Oftentimes you just need the last checkpoint of all checkpoint files in a certain directory. This can be achieved by

simulation.load_particles_from_latest_checkpoint('checkpoints/')

It should be noted that if the simulation should be continued and the output_directory for the new checkpoints is the same as of the original simulation, the old checkpoint files will be overwritten. If you want to keep the checkpoints of the original simulation, specify another output_directory.

Observables

The currently available observables are:

There are three things that all observables have in common: The evaluation can be strided, they can have a callback function and they can be saved to the simulation.output_file.

The callback is usually a function that takes one argument being the current value of the observable. During the course of the simulation this callback function will be evaluated whenever the particular observable is evaluated.
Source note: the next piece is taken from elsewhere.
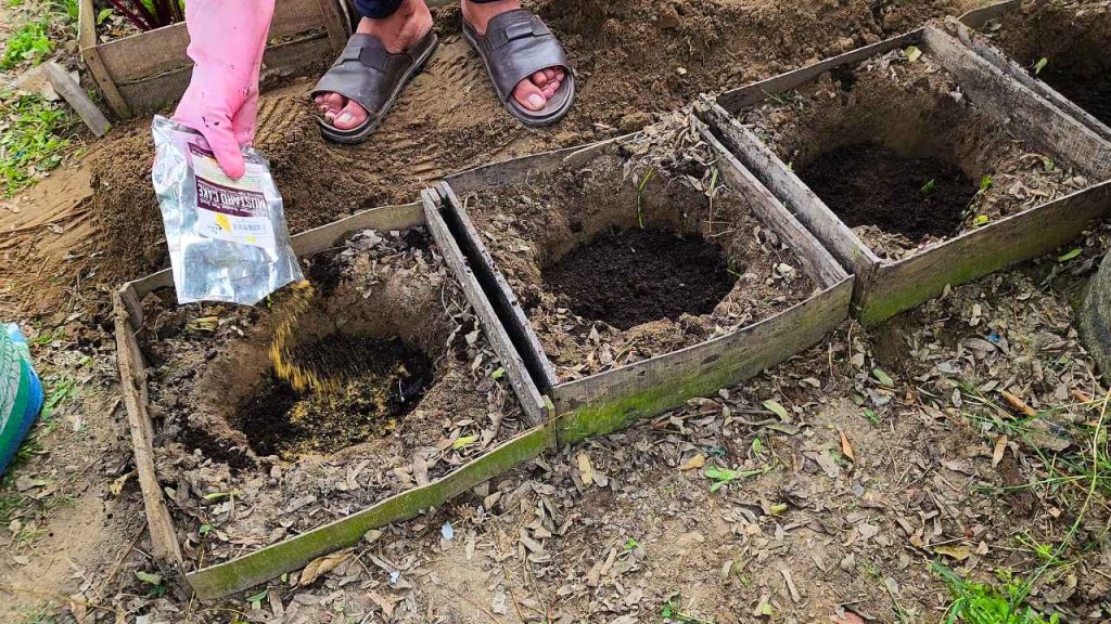 Watering is the final and most important step in this method. A generous amount of water is given to the newly planted seedlings to help the soil settle around the roots. This also activates the decomposition process within the soil, allowing the buried kitchen waste to break down and release nutrients efficiently.

Per default, whenever an output_file is given, the registered observables’ outputs are saved to that file. Each observable has a certain place in the group hierarchy of the HDF5 file, however this place can be modified so that, e.g., multiple observables of the same type can be recorded into the same file. To this end, the save argument of the respective observable can be modified. By providing

  • None or False writing the results to file can be switched off,
  • providing a dictionary with keys 'name' and 'chunk_size' can modify the name under which the observable data is stored in the group hierarchy and the hdf5 chunk size. The chunk_size is always to be considered into the “temporal direction”, i.e., if an observable yields data in the form of 3x3 matrices each time it is evaluated, a chunk would be of shape (3, 3, chunk_size).

Radial distribution function

The radial distribution function for certain particle types can be observed by

def rdf_callback(current_value):
    print(current_value)

simulation.observe.rdf(
    stride=1, 
    bin_borders=np.linspace(0., 2., 10), 
    types_count_from=["A"], 
    types_count_to=["B"], 
    particle_to_density=1./system.box_volume,
    callback=rdf_callback)

which causes the observable to be evaluated in each time step (stride=1) and print the value (callback=rdf_callback). The RDF is determined by calculating the distance from all particles of a type contained in types_count_from to all particles of a type contained in types_count_to and then binning the distance into a histogram as given by bin_borders. The histogram is normalized with respect to $g(r) = 4\pi r^2\rho dr$, where $\rho$ is the number density of particles with types contained in types_count_to, reflected by particle_to_density.

Particles

This observable records all particles in the system, as in: Each particle’s type, (unique) id, and position. It can be registered by

def particles_callback(particles):
    types, ids, positions = particles
    print("Particle 5 has type {}, id {}, and position {}."
          .format(types[5], ids[5], positions[5])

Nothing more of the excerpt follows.